Bob considers himself kind, friendly, compassionate and non-judgemental, characteristics everyone wants in a friend. It is highly likely that Bob is imbued with these as a result of some of the mighty large challenges he has faced in his life. He was born in New York city in the USA, with a young but courageous mother who had fallen pregnant right at the end of WWII, to a bomber pilot with what we would now call Post Traumatic Stress Disorder, PTSD. Bob’s biological father refused to acknowledge his paternity. Although Bob was born prematurely, requiring treatment in an “iron lung” and his mother was estranged from her family as a result of her situation, she was determined to raise her child. Her parents, however, had other plans and tricked her by pre-arranging his delivery at an orphanage under the guise of taking her back to the family home, already having betrayed her by having her declared an unfit mother. Luckily for Bob, his mother was powerful and tenacious, but it still took her six months to regain custody of her child. Although of course Bob has no memory of this time, and did not find out this part of his personal history until he was 16 years old, he feels certain that the trauma he faced at being separated from his mother as a baby had a profound impact on his future pattern of repeated health issues, including anxiety and addiction.

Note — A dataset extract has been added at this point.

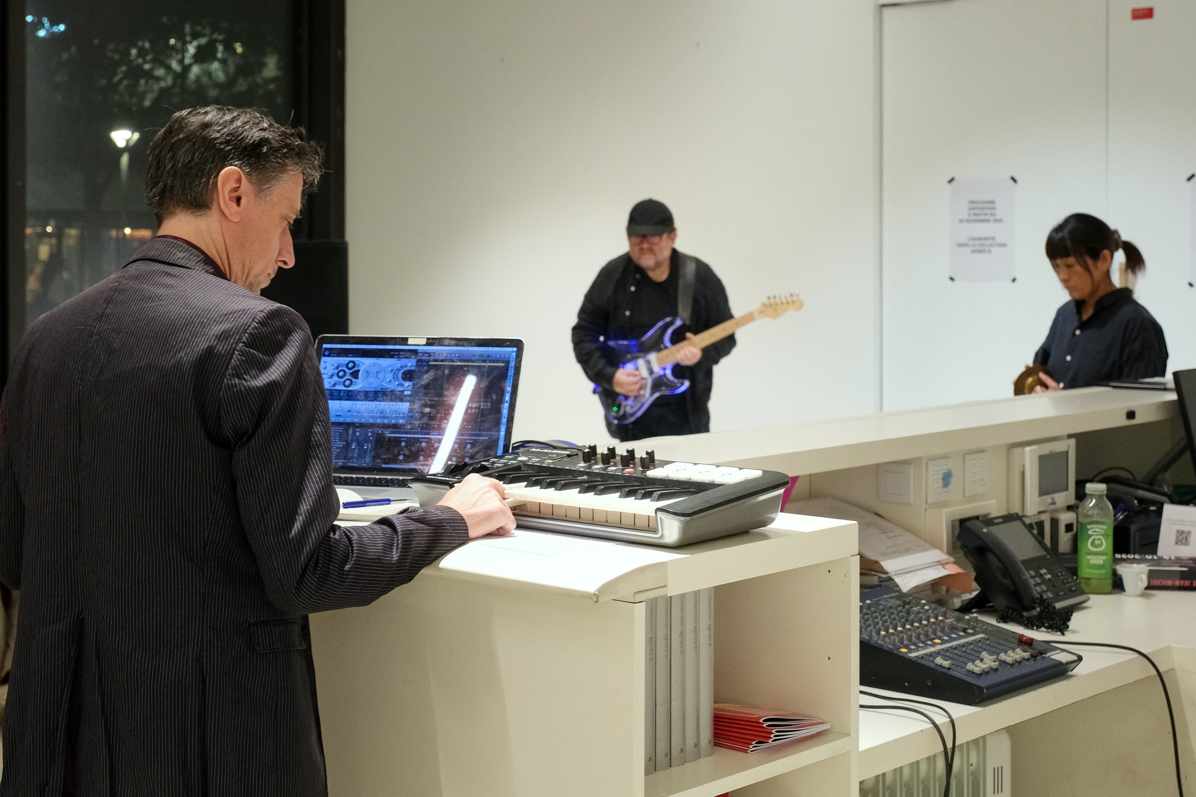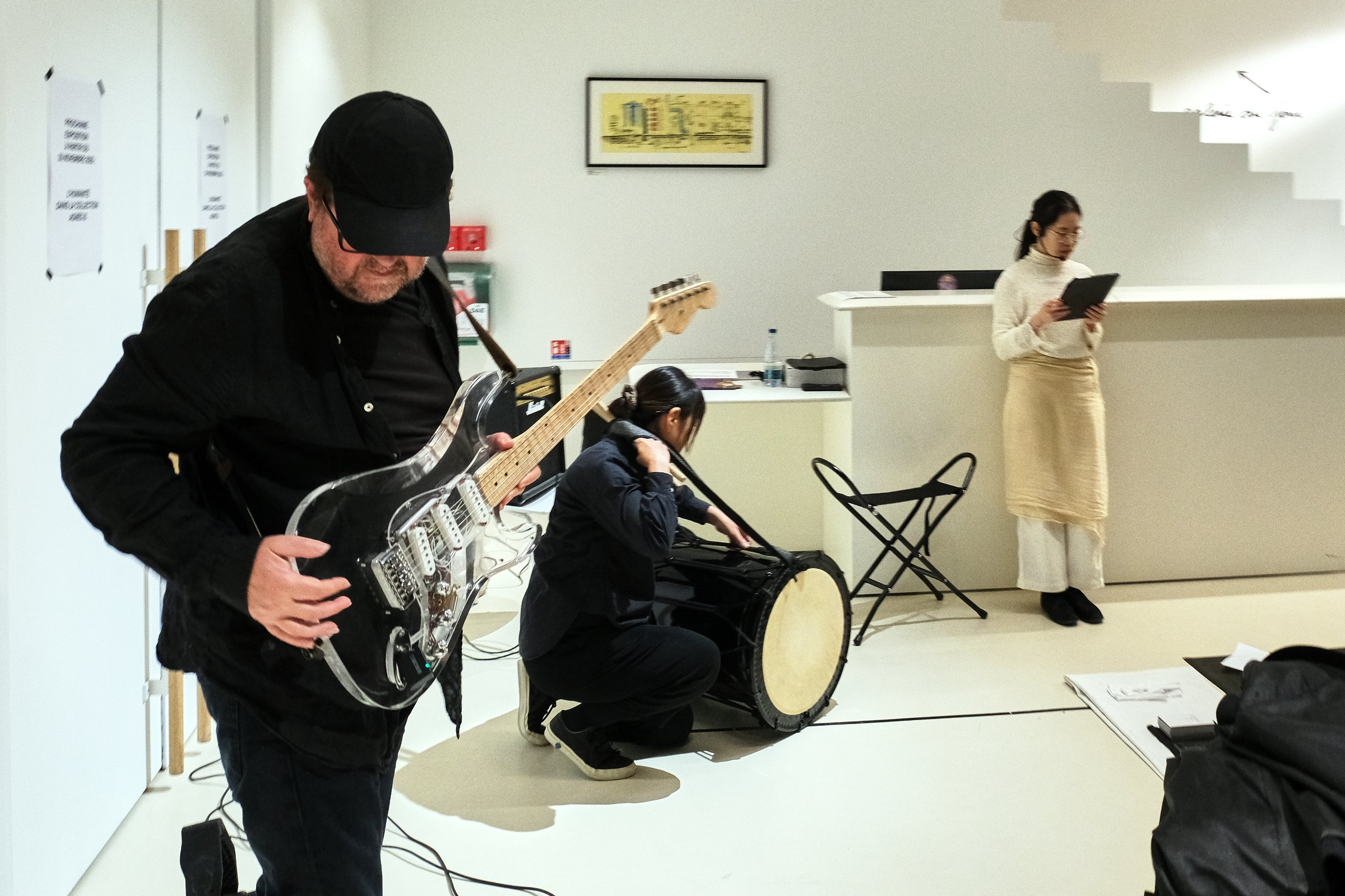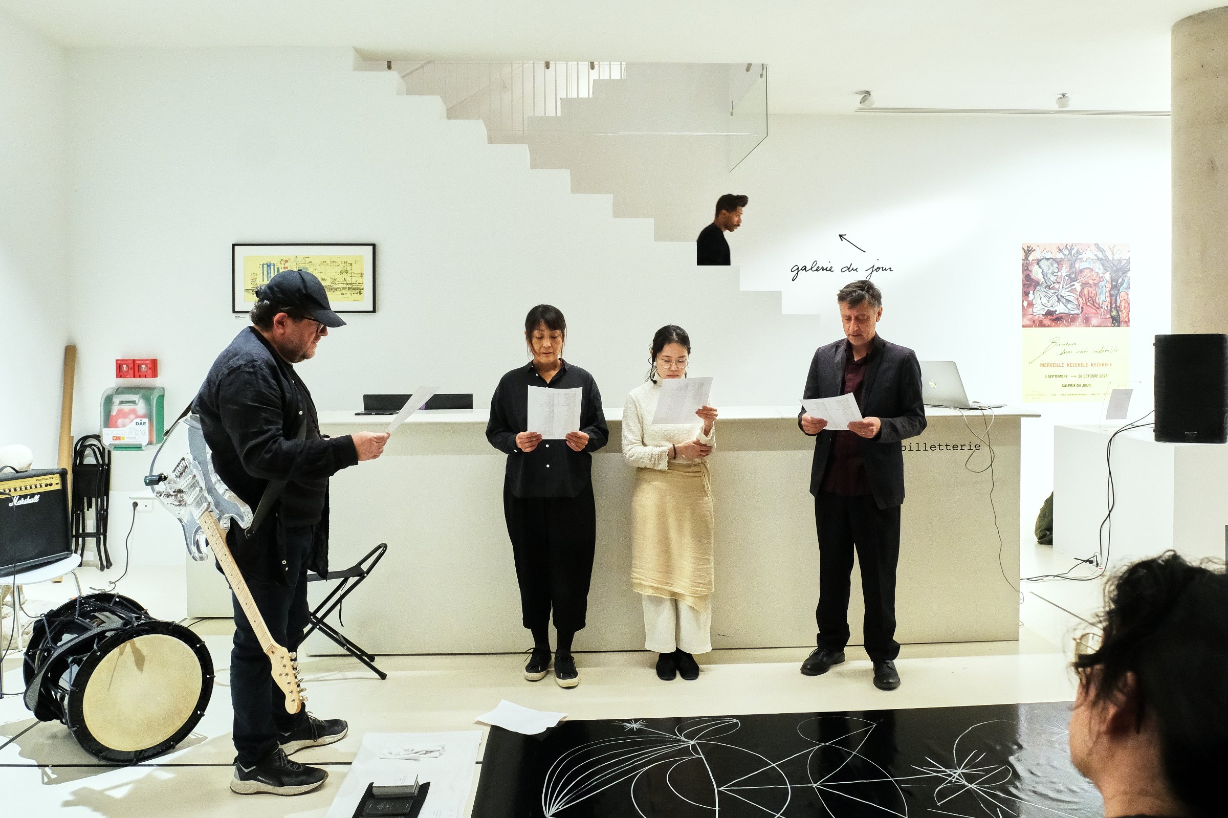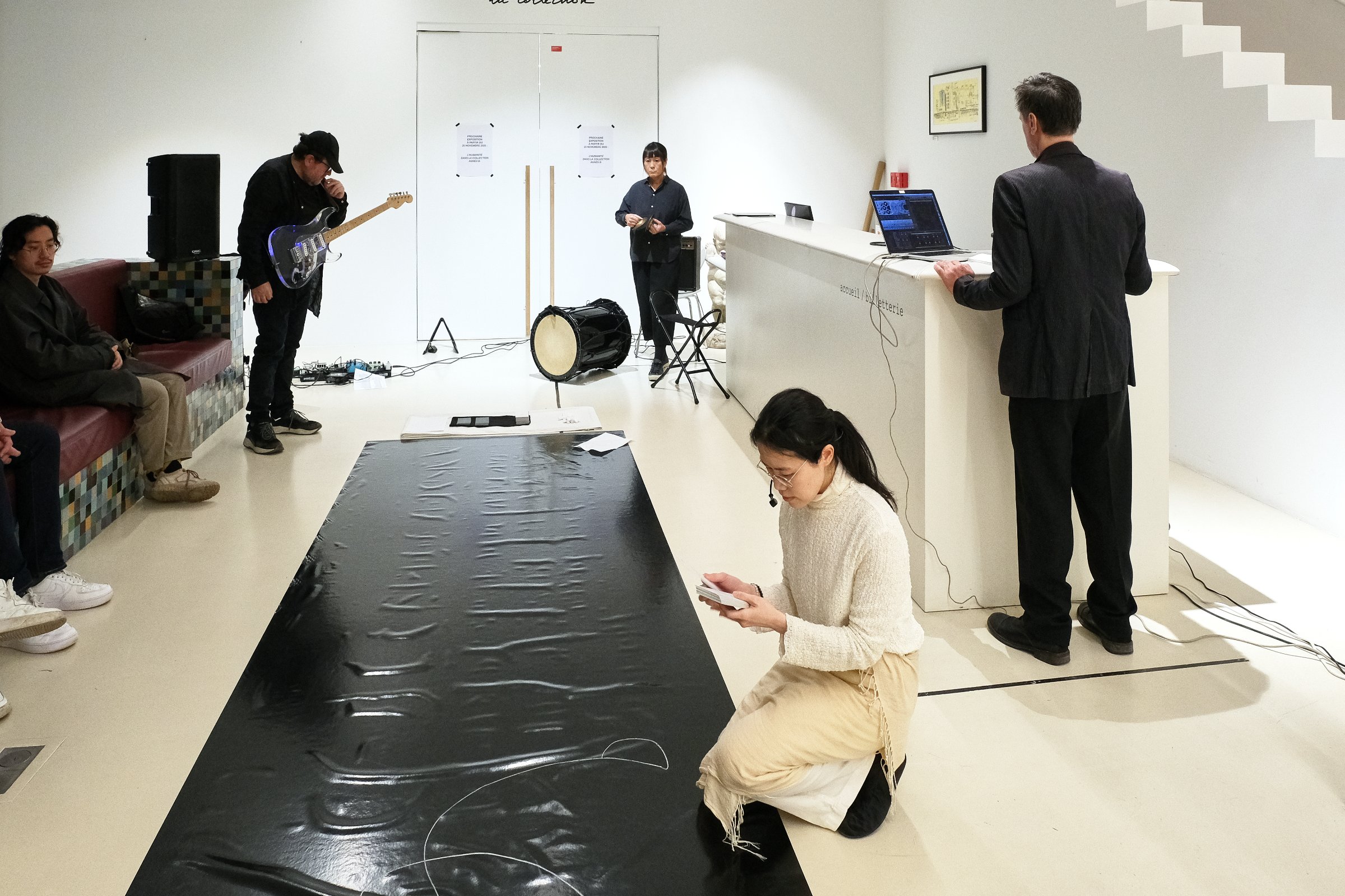 Performance musicale du collectif AO (Frédéric Desmesure, Éric Heim, Nori Kajio, Hsin-Yun Tsai) Vue de la performance à La Fab. librairie du jour agnès b., Paris, octobre 2025

Bob’s mother was a single parent until she married the only father he ever knew, when Bob was seven, and the family relocated to Las Vegas, which Bob believes was a strange and ultimately unsuitable environment for a child. Basically, it came down to the fact that in Las Vegas, he was constantly exposed to people behaving at their worst, vice around every corner. Bob’s mother began working as a book-keeper, continually building on her skills, until eventually she was rewarded with work as an accountant, although she never actually qualified as a CPA. She was not immune to the perils of Las Vegas though, and worked for people who were involved in the mafia scene of Sin City.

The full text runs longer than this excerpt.